Imagine you have clawed your way across the vast American Midwest. You drag your caravan over a mountain range and see the Pacific Ocean.

That’s what it feels like to live in Los Angeles. It gets a bad rap as “fake” from people who have never been there. Sure there are fake PEOPLE, but they are a distinct
minority. Most Los Angelenos are hard-working and genuine people. There are phonies everywhere, not just in the film industry.

The world looks to Hollywood for a reason. True storytelling is inclusive and empathetic. So is the heart of the city it sits in. Los Angeles. Sooooo tired of the right-wing attitude towards culture.

California. Here’s a waltz in your honor. Except I’m pretty sure it’s not even a waltz. Just pretend.


Friday, November 1, 2024

My Secret Career 34: Rowena

Occasionally something comes to you that seems like it came from someone/somewhere else.

Driving along one day in LA, I saw a street sign. Rowena.

Literally minutes later I was singing this song into my phone. I got home, dug out the guitar, and presto!

Rowena.

I am linking to two versions of the song.

The first is from brenwillsull’s 2018 album “I, Phone” and is an acoustic live performance captured by my iPhone.

The second from Sun Zed’s 2018 album “Sun Zed” and has drums, bass by Cashel, electric guitars and even (gasp) a little solo! This one works really well cranked thru headphones.

Here is Rowena. And Rowena.

Wednesday, October 30, 2024

My Secret Career 31: Morning Parties

My father used to wake us all up in the morning with a sailor’s chant. “Rise and shine, Sailors! Pretty little craft in sight!” He took joy in interrupting our sleep with a heave and a ho.

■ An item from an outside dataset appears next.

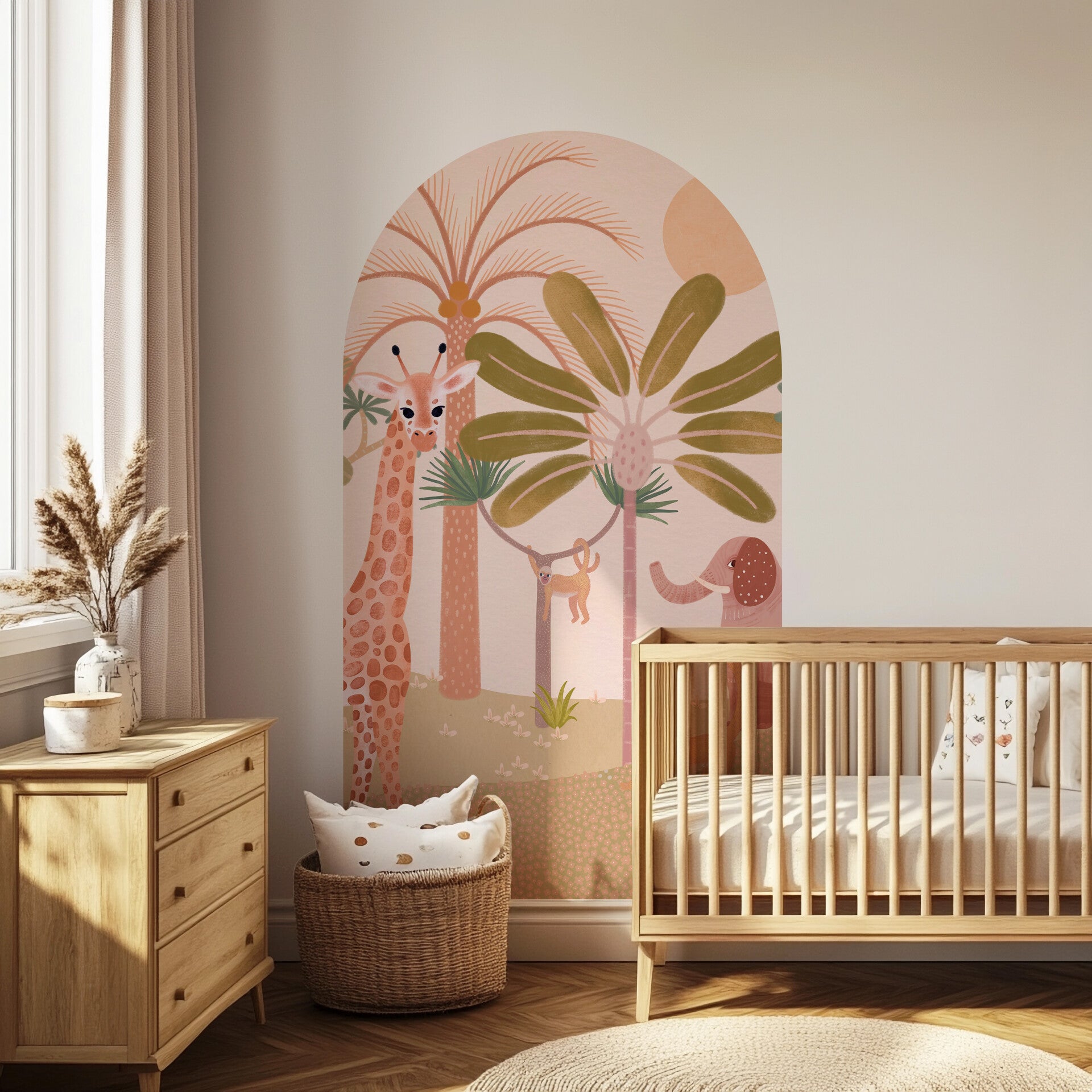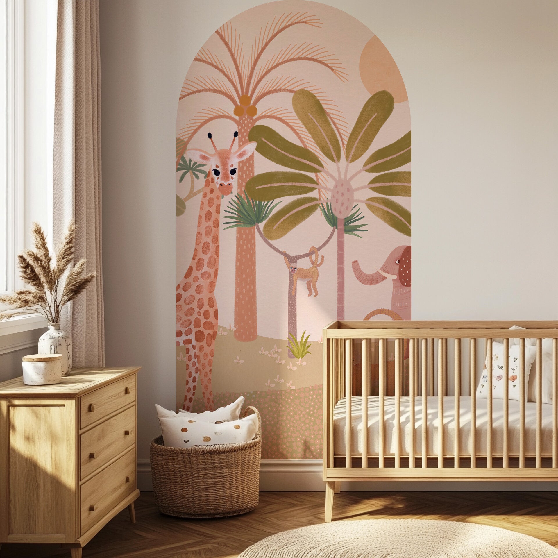 Ontmoet een nieuwsgierige giraf, een speelse aap, een relaxte luipaard en nog veel meer dieren die elke kinderkamer omtoveren tot een tropisch feestje.

Our family motto is “Terra Marique Potens”, Latin for “Strong On Land And Sea”, a nod to our tradition and power. My Dad scoffed at the notion of the O’Malley family crest, which he saw as a British imposition on a Pagan Irish past. 

But I still love the snarling boar, the striking ship, the sails billowing with sea wind.

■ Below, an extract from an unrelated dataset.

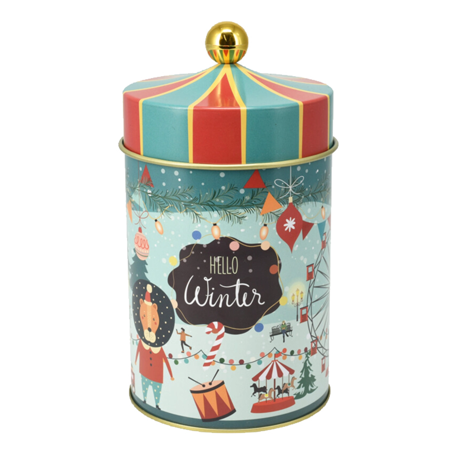 Ta okrogla kovinska škatla združuje praktično shranjevanje z očarljivo zimsko zasnovo. Trdna izdelava iz odporne kovine in dobro prilegajoč pokrov pomagata varovati priboljške pred vlago in zrakom, zato ostanejo dlje časa hrustljavi in dišeči. Kompaktne mere olajšajo postavitev na kuhinjski pult, polico ali v shrambo.

Melody’s mother made every day life celebratory. She found humor and fulfillment through the rituals of life that many people take for granted. She was one of those people who effortlessly stay grounded in the present moment and treat it like a  gift.

She was a teacher and students constantly talked about how deeply she affected their lives. A heroine of the highest order, to kids who needed it the most.

I wish they’d gotten to meet. 

They would have gotten a kick out of each other. I used them as a jumping off point for yet another love song. After all, they’re directly responsible for us meeting.

RIP Bill O’Malley 

RIP Wanda Garren

Morning Parties from 2018’s Sun Zed album by Sun Zed

Saturday, October 26, 2024

My Secret Career 23: New Mischief “Brainstorm” # 1 With A Bullet

I have been in exactly three bands. Fecund Youth, The Mahoneys and New Mischief. Who were a crew, not a band.

I knew Buzz through Andy. Andy and I had been roommates my first year in New York and had remained an integral part of my life. Somewhere in there he met Buzz. So I met Buzz, too. He held court at a bar near NYU and Washington Square Park. I would meet Andy there close to closing time and then Buzz would lock the doors and we would have the run of the place.

When Andy told me that Buzz had recorded some hip hop tracks, I insisted he come out to Windsor Terrace and visit the basement. Buzz is an imposing person and he seemed like a panther in a kitty cage down there with those low ceilings and tiny spaces.

The whole thing was a brainstorm. Over the course of a couple of months, Buzz would pop over and we would work on the three tracks we initially concocted.

My facility with an electric guitar has never been higher and the sonic textures Timothy was presenting me to play over extracted a level of creativity that I was unaware I possessed. When he played me the drumbeat he had in mind for “Brainstorm”, I knew exactly what to do.

The structure of the song is classic. Instrumental intro with beatbox, Pimp Fu declaration, Bomer-B verse, Buzz verse, Pimp outro, instrumental outro.

I keep talking about the alternate universe, but God Damn King Kong if this motherfucker ain’t a hit.

There aren’t too many rap crews left these days. The solo pursuit has obliterated the sense of unity and support that is integral to crews or bands. I am glad to say I was, for a brief moment, a member of a crew.